Generating a coherent list of activities and their respective duration is a difficult problem because a sequence of activities encapsulates a complex decision process that is highly subject to externalities. Trajectories are generated independently, meaning there are no agent-agent interactions or other externalities that affect the trajectory generation beyond demographic class assignment, which implies that the activities of the agents are treated as independents in this study Agent-agent correlation is considered an additional complication that will be addressed in future work. Our method for generating activity trajectories relies on the start window concept developed in Ref. (37), which is a window of time where an activity can start. For each activity class we generate a set of independent start windows and a set of associated probability tables as described in previous work (37). For example, we would assign a daytime nap to a different activity window than we would for nighttime sleeping. For each activity class we generate a set of independent start windows and a set of associated probability tables.

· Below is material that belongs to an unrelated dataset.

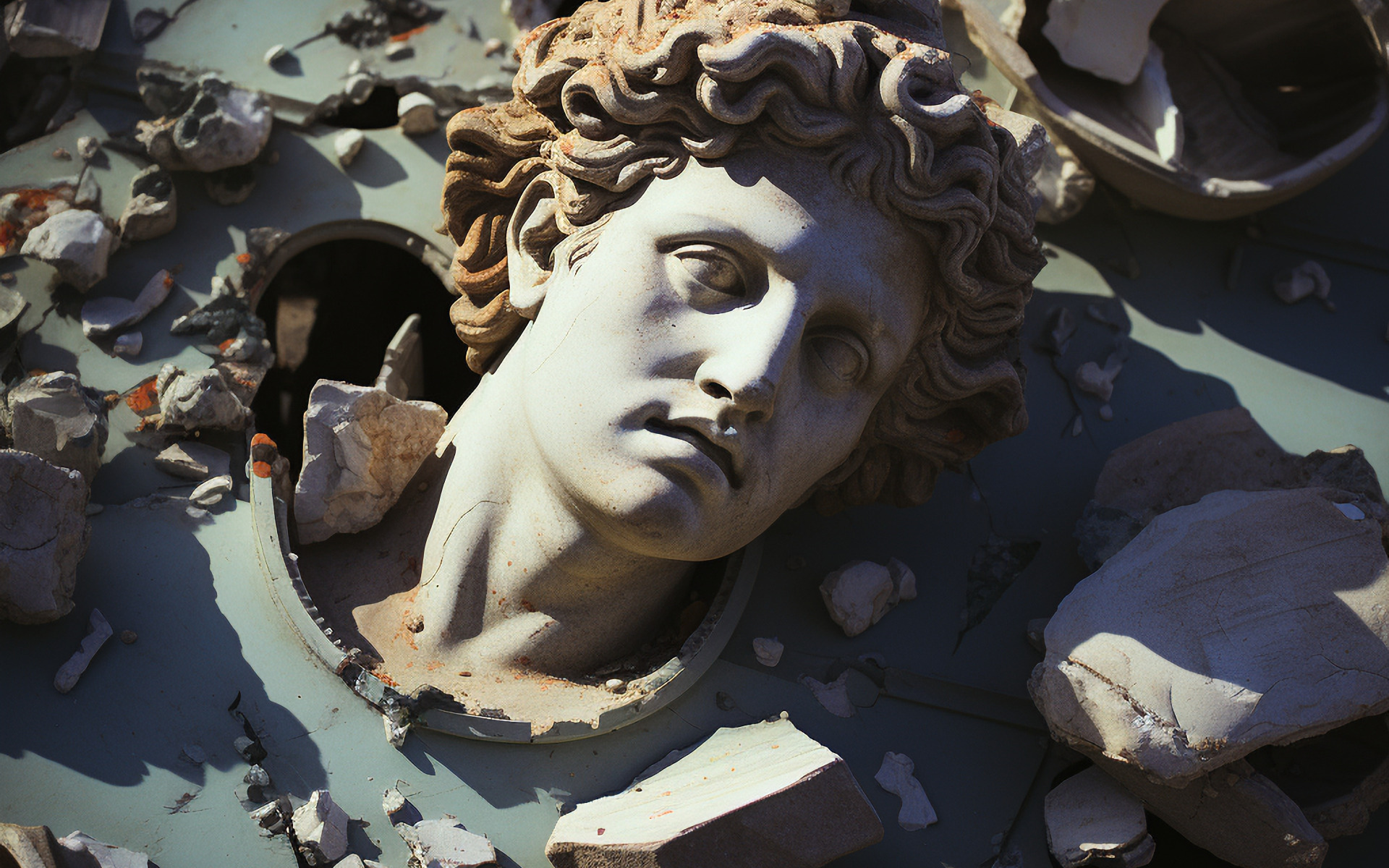 осколки, голова, мужчина, скульптура, бюст, разбитое, цифровое искусство, ИИ-арт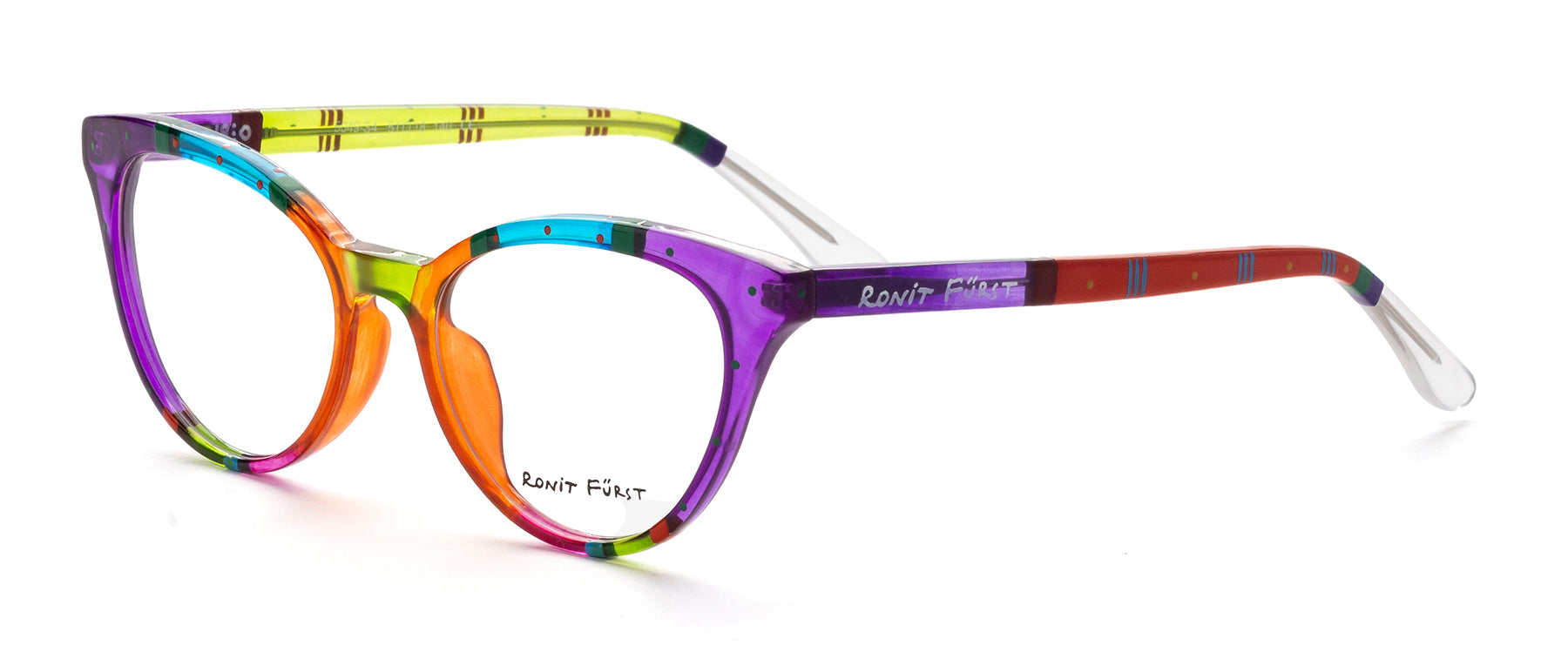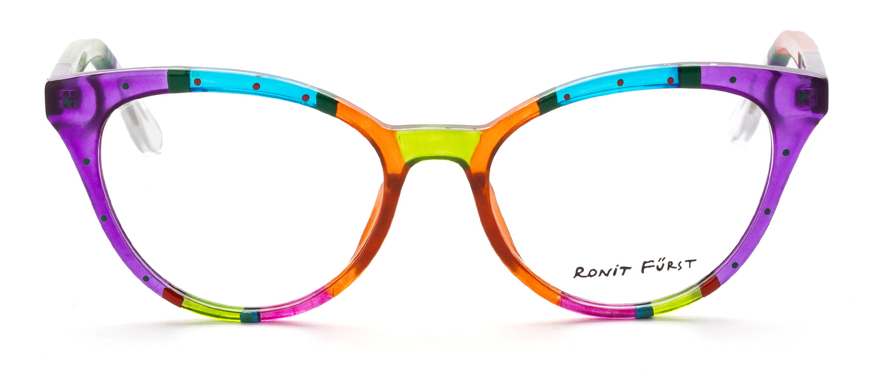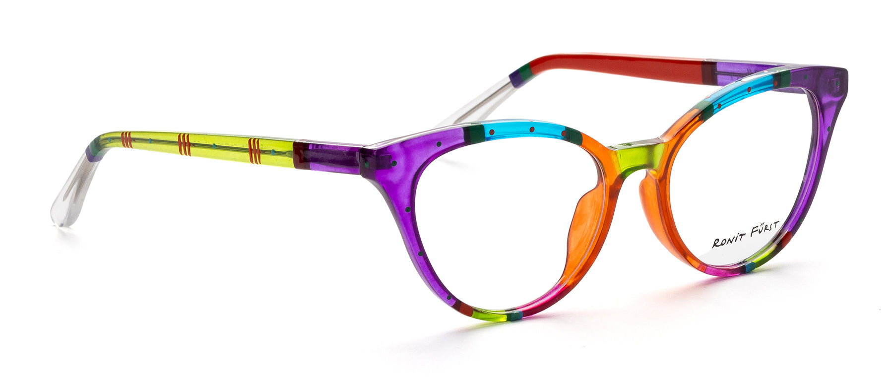 Multicolor Transparent Purple, Orange and Turquoise front with Opaque banding and micro dot detailing. Temples in Transparent Green and Opaque Red with Opaque stripes and micro detailing.

After the calculation of the start windows, we construct prototype sequences stochastically, selecting for weekday or weekend behaviors. We generate trajectories for a single 24-hour period, starting at 4:00 AM, which is how the ATUS data is collected. We assign locations to each activity in the prototype, and then add travel activities in between activities with different locations. Each travel activity has a corresponding trajectory generated using the OpenStreetMap data and the OSRM, treating each waypoint in the planned route as a discrete new activity. The waypoints are generated automatically by the OSRM and contain an idealized travel time based on speed limits in addition to location. . At this stage, we have a complete activity trajectory, but the activity length generally needs adjusting to properly fill the 24-hour period. We adjust activity lengths so that activities stay within their start windows, adding additional activities as necessary to fill voids that cannot be covered by the selected activities. We recognize that this step introduces non-random errors into the sequence generation, but we consider it a compromise that allows us to create consistent activity trajectories.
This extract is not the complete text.